Schuyler (/ˈskaɪlər/ SKY-lur) is a census-designated place (CDP) in Nelson County, Virginia close to Scottsville and Charlottesville. The population as of the 2020 U.S. census was 252.

In 1882 the community—originally called "Walker's Mill"—was renamed for Schuyler George Walker, a local mill operator, and the area's first postmaster for the local post office branch of the old United States Post Office Department (today's United States Postal Service after 1971).

In the late 19th and early 20th centuries the community became a small industrial center with the establishment of a stone cutting plant for the area quarries of the Alberene Stone Company, which took the native and acid-resistant soapstone and cut, then milled the rock into flat slab table tops for medical labs, hospitals and high school science classrooms. The economic hardships of the Great Depression of the 1930s essentially destroyed this industry and the area never fully recovered.

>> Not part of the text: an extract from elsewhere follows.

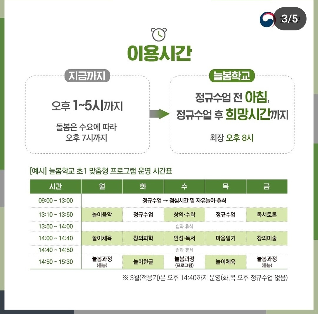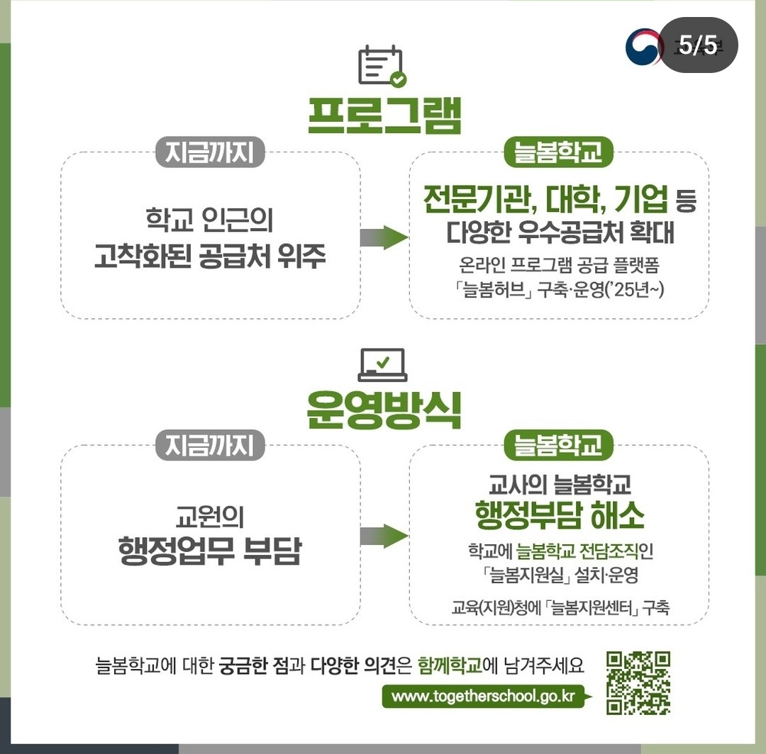 2024 늘봄학교 이렇게 달라집니다! 등록일 : 2024-02-07 09:08 작성자 : 운영자 조회수 : 583 첨부파일 KakaoTalk_20240206_212217951.jpg 다운로드 <출처 : 교육청> 목록

Schuyler was also the birthplace and early home of screenwriter Earl Hamner Jr. (1923–2016). He is best known for the long-running Columbia Broadcasting System (CBS-TV) network's television series The Waltons, which stories and scripts were based on his experiences of growing up the eldest child of a large rural family in Great Depression-era America of the 1930s and subsequent Second World War era of the early 1940s. The TV series during the 1970s was followed by six made-for-TV reunion films aired during the following 1980s and 1990s. Earl and his mother and siblings attended the local Schuyler Baptist Church near their homestead. In 2014, a special service was held there to honor Hamner on his last visit to the Appalachian Mountains / Allegheny Mountains / Blue Ridge Mountains chain of the Western Virginia region; Hamner died two years later. Country music singer Jimmy Fortune (born 1955) of nearby Nelson County, participated in the event.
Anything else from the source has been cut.